EMPREENDEDORISMO, DIREÇÃO DE ARTE, E AS REFERÊNCIAS DE JP SANTOS

Viver novas experiências é a melhor forma de combater o bloqueio criativo, é onde a gente tem novas possibilidades de enxergar o mundo, coletar informações.

12/28/20253 min read

A'CRON: Como foi seu início no empreendedorismo?

JP SANTOS: Desde criança eu vi meus pais empreenderem de tudo quanto é forma para completar a renda. Desde revender roupas femininas, marmitex nos ministérios ou ate dindin gourmet. Acho que por tudo que eu vi meus pais fazendo e toda correria que eles vivenciaram durante a minha infância, o empreendedorismo foi na verdade uma consequência pra mim.

Com 16 anos eu decidi criar minha própria marca, mas eu não acho que aquilo foi o empreendedorismo chegando de primeira. O empreendedorismo veio mesmo depois que eu lancei minha primeira coleção e gastei o dinheiro quase todo kkk. Foi aí que eu percebi que precisava de uma gestão e que com 17 anos seria um grande desafio.

A'CRON: Quais foram os principais desafios que você enfrentou para desenvolver sua direção artística?

JP SANTOS: Para ser sincero, o maior desafio é o mercado. O maior desafio para alguém que se expressa de forma artística, seja como for, é se comparar com o que já está consolidado no mercado, é quando a sua paixão acaba virando muito trabalho e você precisa se encaixar no que o mundo nos faz acreditar que é o certo a se fazer, o que é comercial.

Eu não vim de berço, então cada coleção era All In, então por mais que a Off Shadow fosse um reflexo do que eu vivo e sou, minhas criações ainda foram de certa forma afetadas pela ansiedade, pela necessidade de “dar certo”.

A'CRON: Como você lida com o bloqueio criativo?

JP SANTOS: Eu tô aprendendo cada vez mais a respeitar meu processo criativo, pois ele é muito espontâneo.

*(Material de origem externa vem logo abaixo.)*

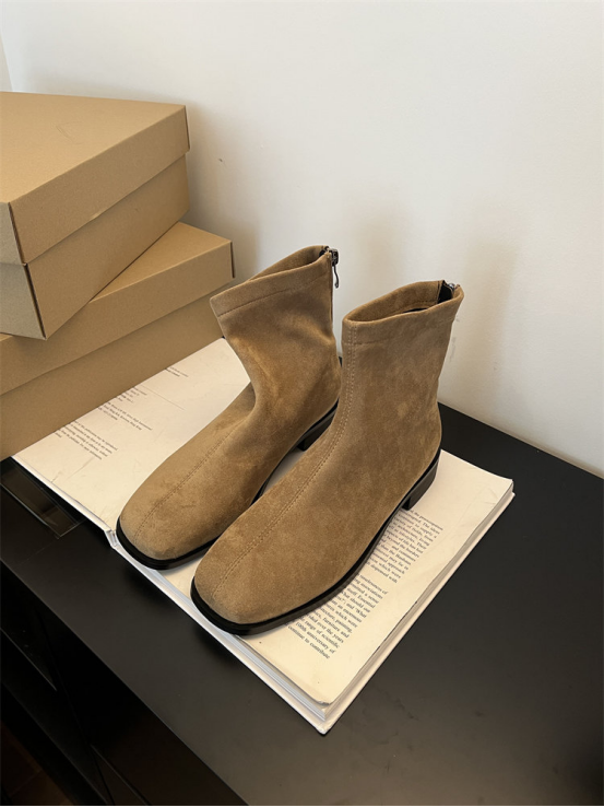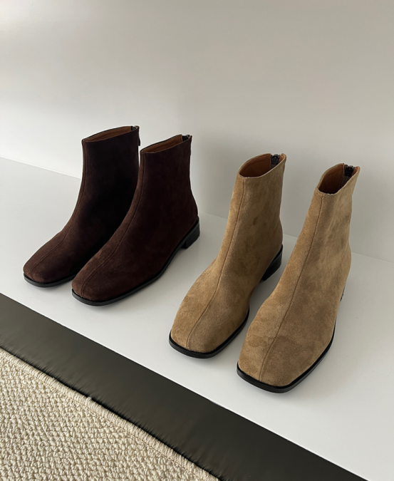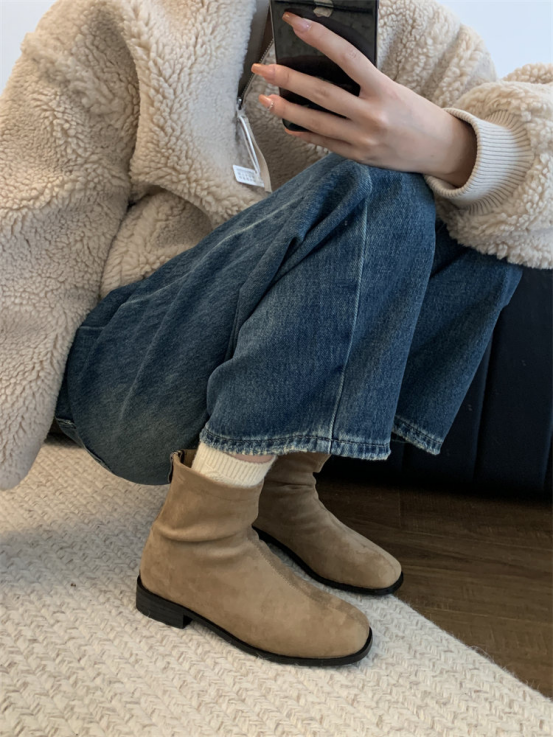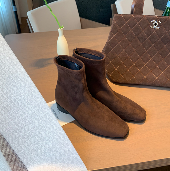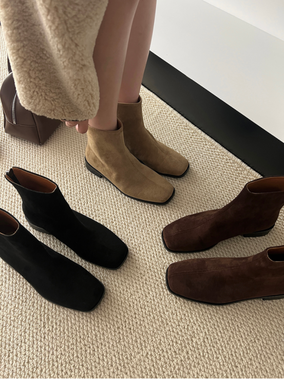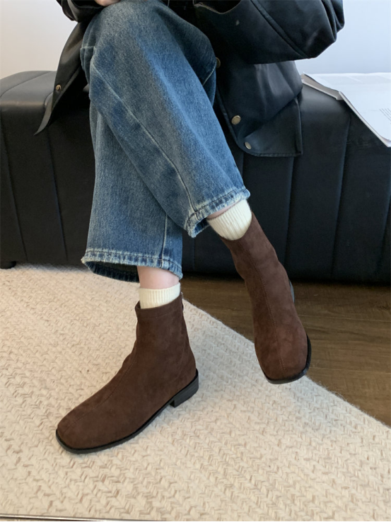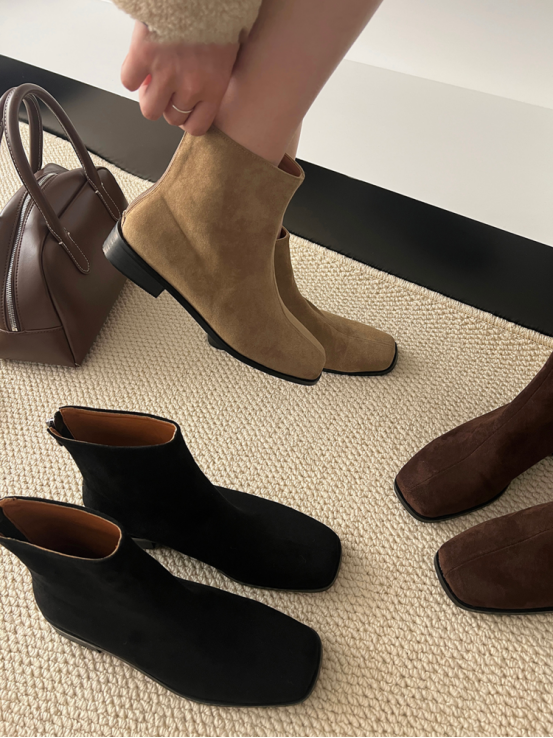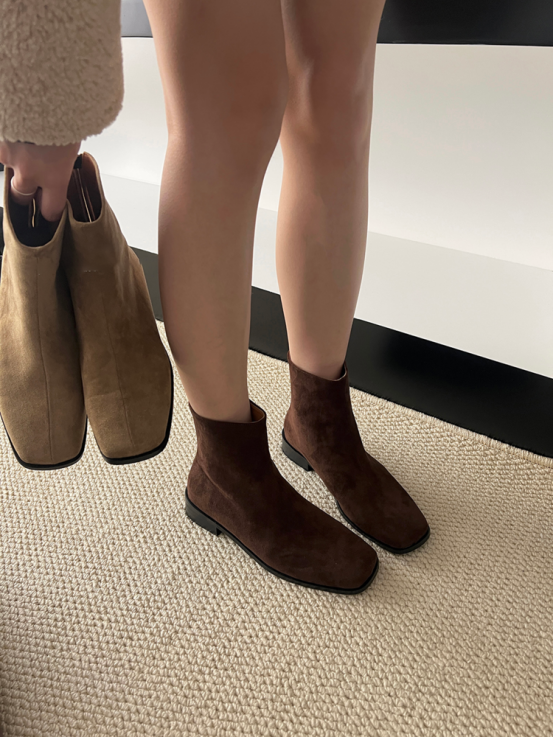 你离韩里韩气的氛围感穿搭只差这双小短靴! 🍂秋冬味道十足的绒面 整双靴都很软可暴走哦! 配上小方头和低跟 时髦气质配直筒牛仔裤 裙子 大衣 都很百搭!!

Eu não acordo todo dia com uma ideia nova pra botar em prática. Eu gosto de sempre estudar sobre novos assuntos, principalmente fora do ramo da moda, para ter novas inspirações.

Viver novas experiências é a melhor forma de combater o bloqueio criativo, é onde a gente tem novas possibilidades de enxergar o mundo, coletar informações. Eu gosto de ter um tempo sem me forçar a criar nada, pois uma hora ou outra, a inspiração sempre vem.

A'CRON: Quais foram as suas referências no DF e no Mundo para o desenvolvimento do seu trabalho?

JP SANTOS: No DF, eu posso dizer que a minha referência foram meu pai e minha mãe. Foram eles que me fizeram entender que era possível empreender, eles que me ensinaram os primeiros passos dentro desse mundo, literalmente hehe.

No mundo, é impossível eu negar a importância do Virgil Abloh para a forma como eu levo meu trabalho, e não no sentido estético, mas sim na forma como ele via o mundo, como o propósito dele era muito maior do que apenas fazer roupas. Ele foi a voz para muitos que antes não sabiam nem que podiam falar.

Dentro da música, o BK segue sendo a minha maior referência, ainda não sei explicar qual figura ele representa para mim, mas tudo que ele escreve, parece que impacta em algum lado do que eu estou vivendo ou projetando.